Distributed autonomous control of multiple spacecraft during close proximity operations

Abstract

This research contributes to multiple spacecraft control by developing an autonomous distributed control algorithm for close proximity operations of multiple spacecraft systems, including rendezvous and docking scenarios. The proposed control algorithm combines the efficiency of the Linear Quadratic Regulator (LQR) and the robust collision avoidance capability of the Artificial Potential Function (APF) method. The LQR control effort serves as the attractive force toward goal positions, while the APF-based repulsive functions provide collision avoidance for both fixed and moving obstacles. The combination of the LQR and APF control logics, referred to as the LQR/APF control algorithm, yielded promising results as demonstrated by the numerous multiple spacecraft maneuver simulations reported in this dissertation. In order to validate the proposed control approach, a multiple spacecraft model validation and visualization technique was developed using a versatile MATLABSatellite Toll Kit (STK) interface to propagate the spacecraft models, compare against STK generated ephemeris, and animate for analysis. The MATLAB-STK interface efficacy was demonstrated during the evaluation and analysis of the innovative LQR/APF multiple spacecraft control algorithm.

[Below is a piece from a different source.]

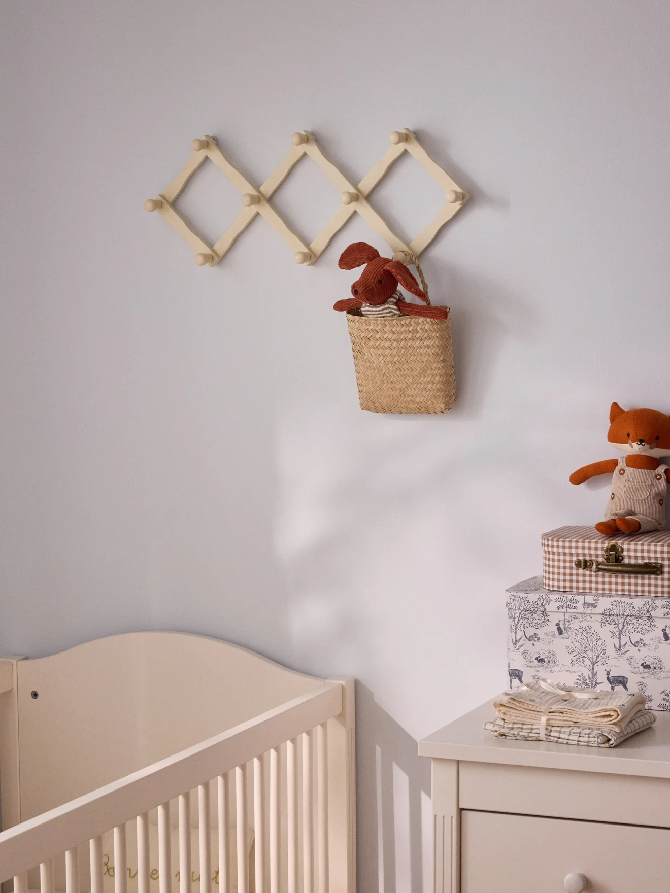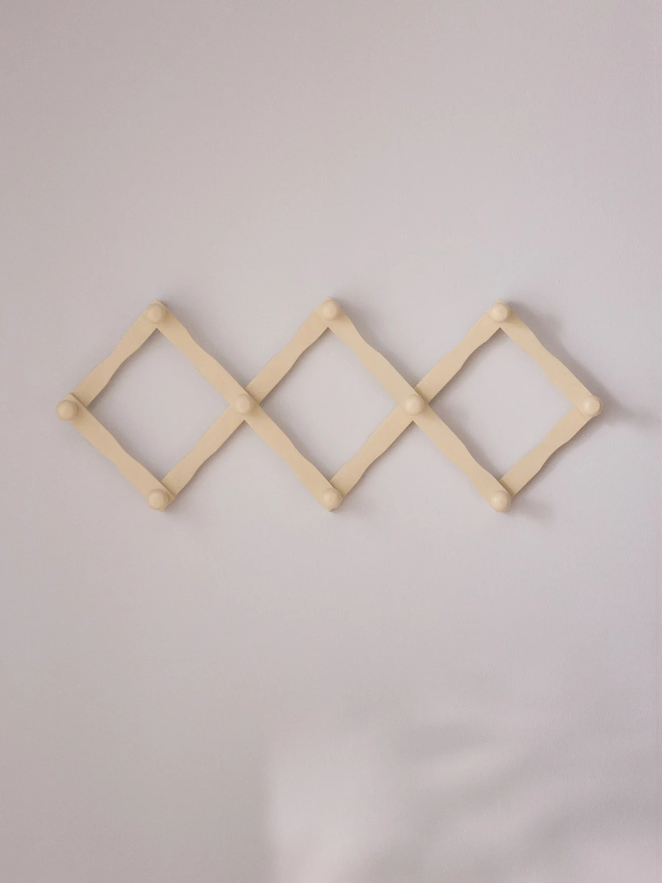 Portemanteau mural en bois peint. Charme, design et authenticité du style brocante. Extensible, il s’étend ou se contracte selon la place et les envies. Il se fixe au mur à l’aide des 2 accroches au dos.

The LQR/APF multiple spacecraft close proximity control algorithm was developed, refined, and thoroughly simulated using high fidelity six Degree of Freedom (DOF) spacecraft models. In order to evaluate the stability and robustness of the control approach a Monte-Carlo simulations set was run. The LQR/APF control algorithm was further evaluated by virtual hardware-in-the-loop implementation at the NPS Spacecraft Robotics Laboratory. The laboratory hosts the Autonomous Docking and Spacecraft Servicing testbed which allows for on-the-ground testing of close proximity multiple spacecraft control concepts.